Background: Intravascular fibrin clots are resolved through the proteolytic action of plasmin acting at the interface of gel-phase substrate and fluid-borne enzyme. The classic Michaelis-Menten (MM) kinetic scheme cannot describe satisfactorily this heterogeneous-phase proteolysis, because it assumes homogeneous well-mixed conditions. A more suitable model for these spatial constraints, known as fractal kinetics, includes a time-dependence of the Michaelis constant Km = Km0.(1 + t)exp(hF), where hF is a fractal exponent of time, t. Furthermore, a realistic kinetic model should take into account sequestration of plasmin due to kringle binding to C-terminal lysines (CTL), newly exposed during fibrin degradation. Aim: The aim of the present study is to build up and experimentally validate a mathematical model that adequately describes the kinetics of plasmin-catalyzed fibrin dissolution and thus contributes to a better understanding of the factors that influence plasmin efficiency at the fluid-gel interface.

Method: Two modifications of the basic MM scheme were introduced: a term reducing the enzyme concentration through rapid equilibrium binding of plasmin to continuously increasing unproductive sites including an association constant Ka and a fractal exponent, hF resulting in apparent Km, which accounts for the time-dependent clustering of the enzyme. A broad range of biochemical (fibrin turbidimetry, densitometry of electrophoretic samples, amidolytic assay on synthetic plasmin substrate) and imaging (atomic force microscopy, AFM; confocal laser microscopy, CLM) techniques were applied to test the predictions of the fibrinolytic model. The power of the predictions was assessed using known modifiers of fibrinolysis; e-amino caproic acid (EACA) which blocks the kringle-dependent binding and carboxypeptidase B (CPB) which removes CTLs. The clustering of plasmin was evaluated with AFM using nanogold-labeled anti-plasmin antibodies in an experimental setup where plasmin was applied to a mica surface decorated with fibrinogen using microcontact printing and with CLM using fluorescent protein-fusion derivative of plasminogen.

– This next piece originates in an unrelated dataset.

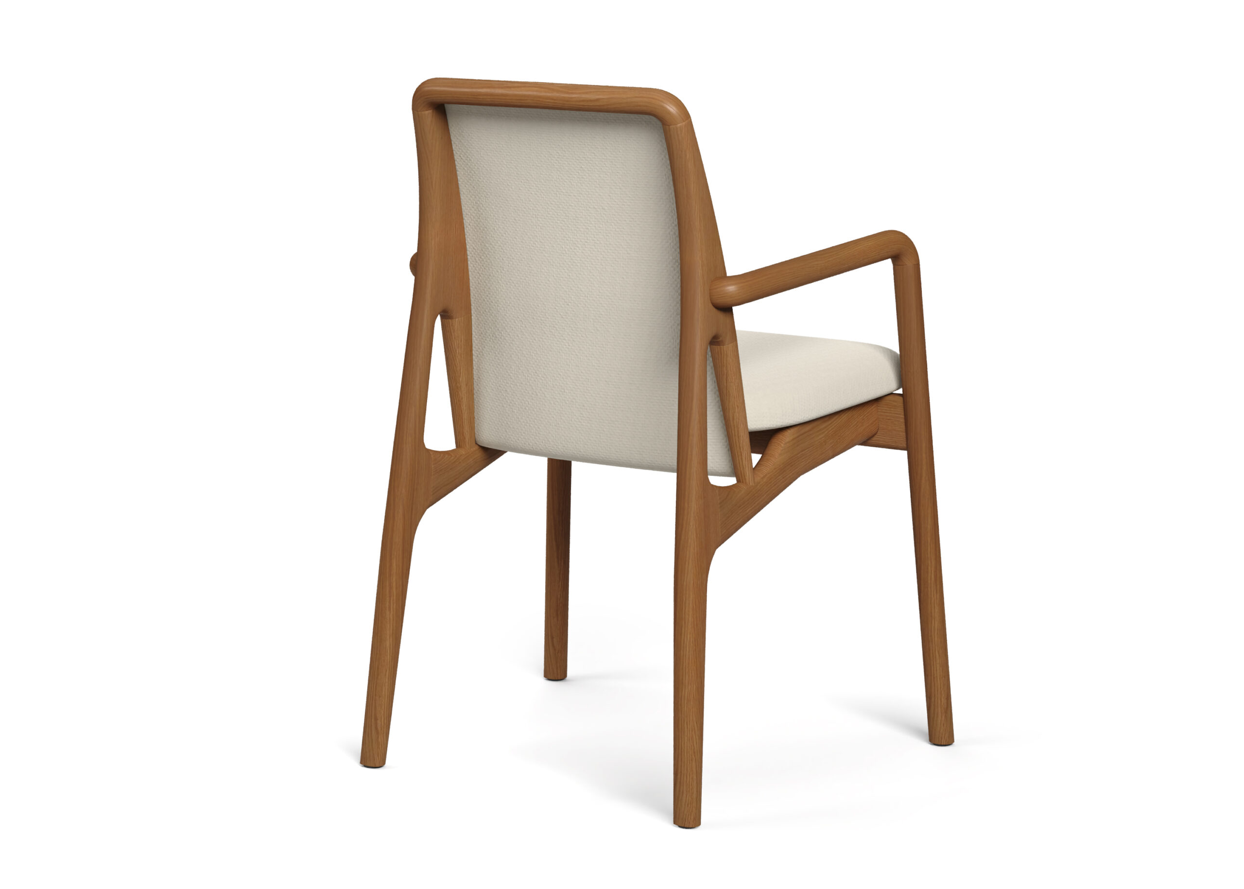 Possui uma estrutura leve e fluida, assim como suas linhas. Dessa forma, a cadeira exala uma sensação de graça e sofisticação, enquanto oferece conforto e funcionalidade.

Results: Using a range of fibrin and plasmin concentrations, variants of the kinetic model were fitted to the turbidimetric data for lysis of fibrin by plasmin applied to the surface of the clots. A global fit to 32 time-course curves with 90 measured points each yielded four model parameters with optimal values Km0 = 1.5 µM, hF = 0.25, Ka = 1.3 µM^-1 and k_cat = 32.4 min^-1. Addition of 1 mM EACA or 8 U/mL CPB increased the lysis rate, which could be satisfactorily explained with unchanged Km0 and k_cat model parameters accompanied by a decrease in hF to 0.031 and in to 0.001 µM^-1 in line with the interpretation of these parameters as measures of spatial clustering (hF) and sequestration of enzyme molecules in solution (Ka). This concept gained further support from imaging techniques. AFM images revealed significant changes in plasmin distribution on the patterned fibrinogen surface: the ratio of surface occupied by plasmin/intact substrate area decreased by 25% over a 5-min interval in line with the time-dependent clustering of fluorescent plasminogen in CLM.

Conclusion: These data, from multi-faceted, complementary approaches, support a mechanism for time-dependent loss of plasmin activity resulting from spatial redistribution in this heterogeneous system. Thus, plasmin-CTL binding retards lysis, opposing the stimulatory effect of CTLs in plasminogen activation.